> _WHAT THE TASK ASKS_:
Begin with the line containing "Postcard sent from" and copy every line after it to the end of the entries, exactly, leaving out the lines before it.

> _MATERIAL SHOWN_:
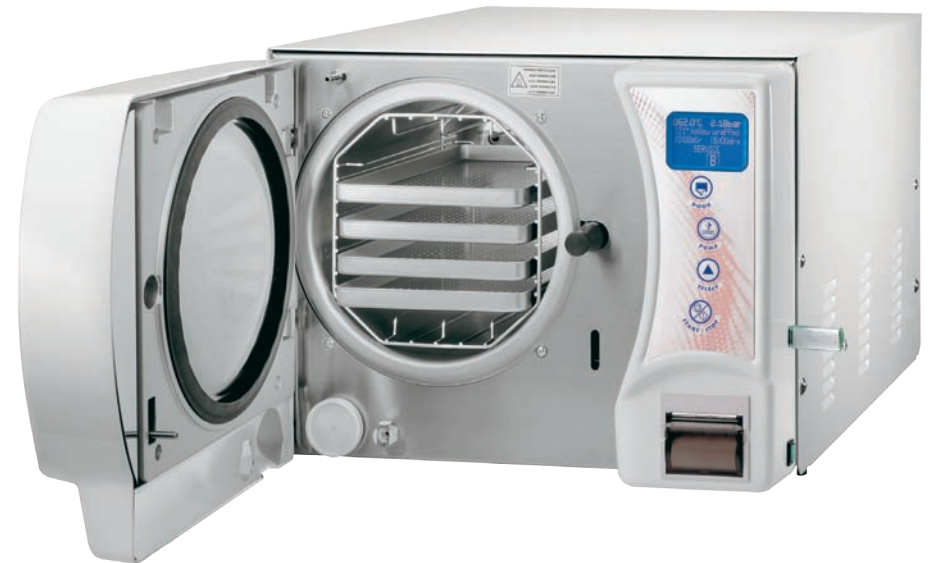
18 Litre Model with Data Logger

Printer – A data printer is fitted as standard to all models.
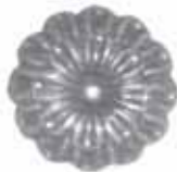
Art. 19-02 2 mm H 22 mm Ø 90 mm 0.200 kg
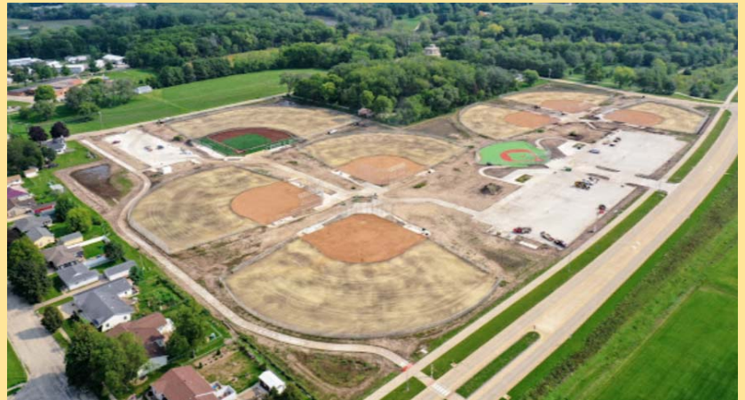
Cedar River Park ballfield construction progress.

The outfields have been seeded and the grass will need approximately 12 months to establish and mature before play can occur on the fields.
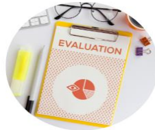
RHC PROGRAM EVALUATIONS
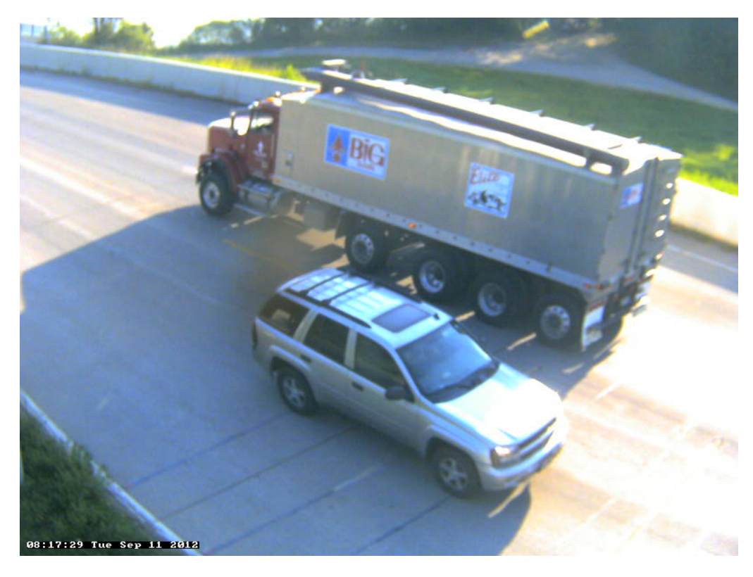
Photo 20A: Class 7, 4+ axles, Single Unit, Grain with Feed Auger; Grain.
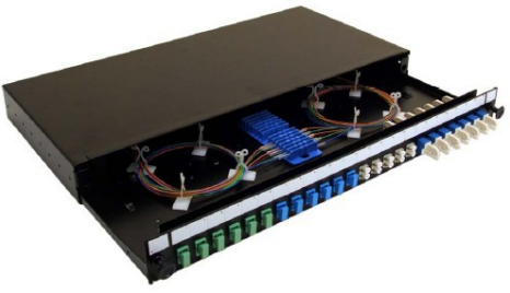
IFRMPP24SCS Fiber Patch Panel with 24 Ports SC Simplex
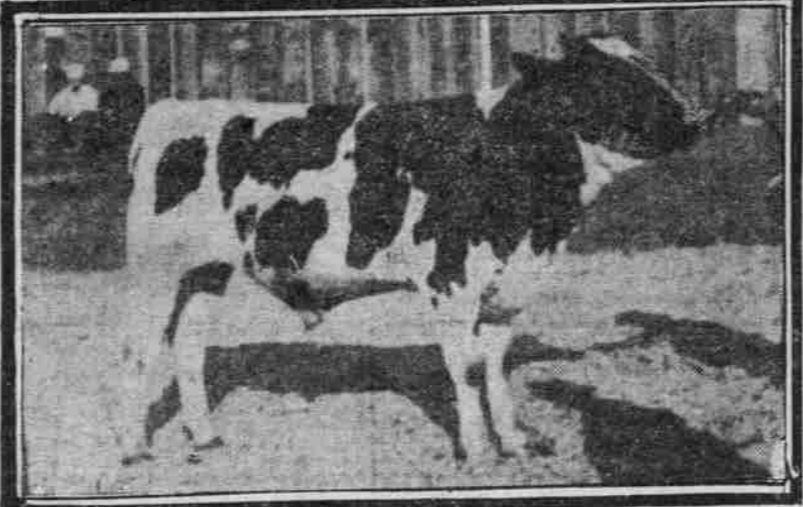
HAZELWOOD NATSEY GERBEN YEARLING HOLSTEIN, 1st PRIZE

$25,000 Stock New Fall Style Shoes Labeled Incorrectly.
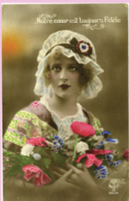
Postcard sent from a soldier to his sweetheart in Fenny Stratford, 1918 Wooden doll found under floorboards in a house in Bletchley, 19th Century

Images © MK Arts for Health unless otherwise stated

> _COMPLETED TASK_:
Postcard sent from a soldier to his sweetheart in Fenny Stratford, 1918 Wooden doll found under floorboards in a house in Bletchley, 19th Century

Images © MK Arts for Health unless otherwise stated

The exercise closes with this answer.